Neil stared at a spot on the desk between them. “Possibly.”

“Rebecca Morrison just walked past my office, very upset. Several of your co-workers reported an altercation of sorts that came from this room. A shouting.” He cleared his throat, a task that sounded like a great and fruitless undertaking. “Would you happen to know anything about that?”

There was a speck on the desk, Neil realized. Dirt, perhaps. “Yes, I think I would.”

“Neil,” Mr. Radjeet uttered, leaning forward and forcing his weary gaze to be met, “we’ve had this issue before. A few months ago something was said repeatedly to employees, and it started up again a couple of days ago. I sent Janet over to speak with you, and she seemed assured that the issue was resolved.”

“She was mistaken,” Neil heard himself reply.

A sliver of irritation was beginning to line the chubby man’s voice.

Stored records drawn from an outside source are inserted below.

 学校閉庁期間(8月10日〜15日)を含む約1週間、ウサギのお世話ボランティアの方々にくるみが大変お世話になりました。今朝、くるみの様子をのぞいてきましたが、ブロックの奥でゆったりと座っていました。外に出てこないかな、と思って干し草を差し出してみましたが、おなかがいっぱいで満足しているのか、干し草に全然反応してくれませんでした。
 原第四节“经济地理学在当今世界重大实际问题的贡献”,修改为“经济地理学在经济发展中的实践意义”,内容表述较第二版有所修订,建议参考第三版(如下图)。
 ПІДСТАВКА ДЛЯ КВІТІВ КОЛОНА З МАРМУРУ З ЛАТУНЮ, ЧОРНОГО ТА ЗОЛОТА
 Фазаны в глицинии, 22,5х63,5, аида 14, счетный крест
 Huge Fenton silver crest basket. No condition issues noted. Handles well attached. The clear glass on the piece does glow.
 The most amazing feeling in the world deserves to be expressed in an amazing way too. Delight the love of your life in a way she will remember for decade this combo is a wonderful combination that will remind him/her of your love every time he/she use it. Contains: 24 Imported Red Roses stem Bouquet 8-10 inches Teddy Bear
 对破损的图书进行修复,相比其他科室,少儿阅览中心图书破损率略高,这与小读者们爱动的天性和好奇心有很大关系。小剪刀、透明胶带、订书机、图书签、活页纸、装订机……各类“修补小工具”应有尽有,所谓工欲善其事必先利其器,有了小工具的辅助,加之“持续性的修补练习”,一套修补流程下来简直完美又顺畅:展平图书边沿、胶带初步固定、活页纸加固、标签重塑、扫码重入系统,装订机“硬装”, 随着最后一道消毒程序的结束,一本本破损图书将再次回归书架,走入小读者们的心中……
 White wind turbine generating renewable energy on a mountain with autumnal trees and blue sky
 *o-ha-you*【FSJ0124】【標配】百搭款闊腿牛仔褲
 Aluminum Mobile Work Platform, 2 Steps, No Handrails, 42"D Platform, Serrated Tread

“Neil, this behavior is unacceptable. You cannot force your urban legends on people who are here to do a job. It would be one thing if you say you think you saw something in the woods once while you were drunk, but you’re telling people it’s coming into your house!” He sat back, and Neil’s eyes returned to the speck on the desk. It couldn’t be dirt. Maybe ink?

“I have given you ample time to fix this problem, Neil. Our benefits cover counseling services as long as your doctor refers you. You’ve been employee of the month six times! I don’t understand why you aren’t content with your position here.”

He looked back up at his boss. Yes, it was most definitely ink. A rose-colored sheet of paper slid across the desk, pushed by Mr. Radjeet’s stubby fingers.

“For the good of the business, I have to let you go, Neil.”

 – – –

The door closed behind him with a creak, and the man shuffled his feet across the welcome mat. His shoes clattered to the floor followed by his keys clattering onto the bookstand. Not bothering to remove his coat, Neil shuffled into the kitchen.

The figure at his kitchen table set his beer down when Neil entered. As usual, a deck of cards was sprawled across the table. “Hey, man. How was work?”

“I got fired,” Neil answered simply. The figure grunted, and his eyes lowered beneath the thick curtain of fur that covered his face.

“Awww. I’m sorry, Neil.”

“You have to leave.” Gathering his courage, he looked at the massive creature and forced his voice to be stern.

With a sigh, the thing in his kitchen picked his hand of cards back up. “Now why would I do that? Free power, hot showers … and those hash browns your mom brings over every Sunday? Amazing.”

When the thing said no more, Neil shook his head tiredly and went up the stairs.